No, I'm talking now about the obvious shepherd mixes, the short-haired hound dogs who ambled and sidled along the sidewalks and in the middle of the streets, looking like they had nowhere to go, nowhere to be. Come from nowhere, neither. Sometimes I'd see one of these dogs trotting down the sidewalk like he was running an errand to the store. She'd take the sharp corner at the block's end and keep on trucking like her business was that important. Just where does a dog think she needs to be in such a hurry? I'd think about following these strays, but I wasn't allowed off our block without permission.

I suppose it's a good thing we have evolved to the extent that there are so few strays around anymore. The soft-hearted liberal in me believes this is a measure of how well we all keep our dogs now: how we tag 'em, chip 'em, collar 'em, spay and neuter. I for one want to know where my Carolina Wild Dog is at all times, and when we take him to Camp Bow Wow, his home away from home, we often monitor his day by watching from our office or laptop as he cavorts with the locals in Area Three or Five. We've thought of installing a home camera, too, though our friend Owen tells us that when we're away, all our dog does is sleep, usually on our bed.

But then, I don't mind watching our dog sleep. It's a peaceful, easy feeling.

I also know there are darker reasons for the dearth of strays. In Greenville, my current home, there are two animal shelters: the Humane Society is where we found our stray dog Max. I celebrate the day we brought him home, even though I wasn't the one who wanted him initially. Rather, it was my wife, who now owns her first dog. Even had we not brought Max into our lives, he would have been okay in the relative sense of that word, for the Humane Society in Greenville is a "no-kill" facility.

Unlike the Greenville Animal Shelter, which I've visited only when our beloved cat Morgan went missing for a couple of days back in 2011 (he came back on his own, a victim of a crazy neighbor's two-night cat-napping). I send money to this shelter regularly to "sponsor" a cat or dog, and I'm led to believe my sponsorship ensures the animal's life. I don't have hard proof of that, but at least my donation allows me the chance of sleeping well.

On the occasion that I did visit the shelter, though, I learned where all the strays are. The unwanted, neglected, sick, and abused ones.

And there are so many.

Strays.

I know I can't help these creatures. I also know that seeing them makes me reconsider the word "stray." Homeless, unwanted, untethered, and unmoored.
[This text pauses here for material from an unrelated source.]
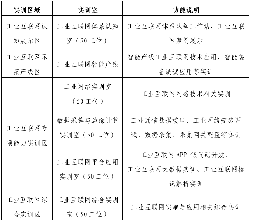 工業(yè)互聯(lián)網(wǎng)專項(xiàng)能力實(shí)訓(xùn)區(qū)域:工業(yè)互聯(lián)網(wǎng)專項(xiàng)能力實(shí)訓(xùn)區(qū)將規(guī)劃有工業(yè)網(wǎng)絡(luò)實(shí)訓(xùn)室、數(shù)據(jù)采集與邊緣計(jì)算實(shí)訓(xùn)室和工業(yè)互聯(lián)網(wǎng)平臺應(yīng)用實(shí)訓(xùn)室等實(shí)訓(xùn)環(huán)境,基于技術(shù)領(lǐng)域視角,覆蓋了工業(yè)互聯(lián)網(wǎng)技術(shù)領(lǐng)域的感知控制層、網(wǎng)絡(luò)層、平臺層、應(yīng)用層的實(shí)訓(xùn)教學(xué),能夠讓學(xué)生基本掌握工業(yè)互聯(lián)網(wǎng)平臺實(shí)施部署、運(yùn)營維護(hù)、技術(shù)應(yīng)用等專項(xiàng)技術(shù)應(yīng)用能力。

No place to go, no direction home.

My mother used to refer to our old shepherd-collie mix, Donald, as a "rogue." Donald strayed through the Virginia mines in the hills above our neighborhood, and after a two- or three-day excursion, he'd return home full of cockleburs, his feet caked in red clay. She'd bathe him in our bathtub, where later that night my brother and I would also get clean, and soon Donald would appear shiny and new again. I'd look at his eyes, so happy and loving. What I couldn't see in those eyes, though I know he adored me, his boy-master, was a tincture of discontent. He just had to be roaming. Four years into our love, he roamed away for good, our Donald.
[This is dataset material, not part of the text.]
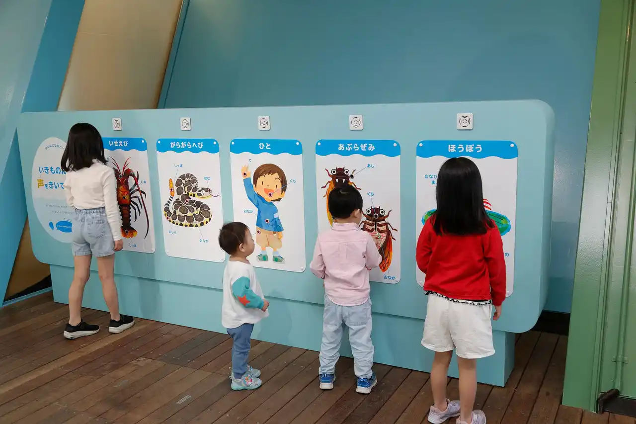 生き物たちは色々な音を出しています。どんな声で、どんな風になくのかな?生き物たちが出す、意外で面白い「音」のひみつを体験できるゾーンです。なかには飼育員たちが集めたアクアマリンふくしまの生き物の音もあります。 |

After a week, we realized he wasn't coming back, and we forgave him all his transgressions: his chewing up neighbors' welcome mats, garden hoses; his busting through the chicken-wired fences we foolishly thought would hold him. We even forgave him the dead pig he dragged into our yard one fall morning, dropping it in the glistening dew of our almost dormant Zoysia grass. Did he kill the pig, and if so, how? Why? Where did he get it, since we were city dwellers, though the neighborhoods to our east had other stray animals—roosters, chickens—so I guess they had pigs, too. One less pig, in Donald's eyes.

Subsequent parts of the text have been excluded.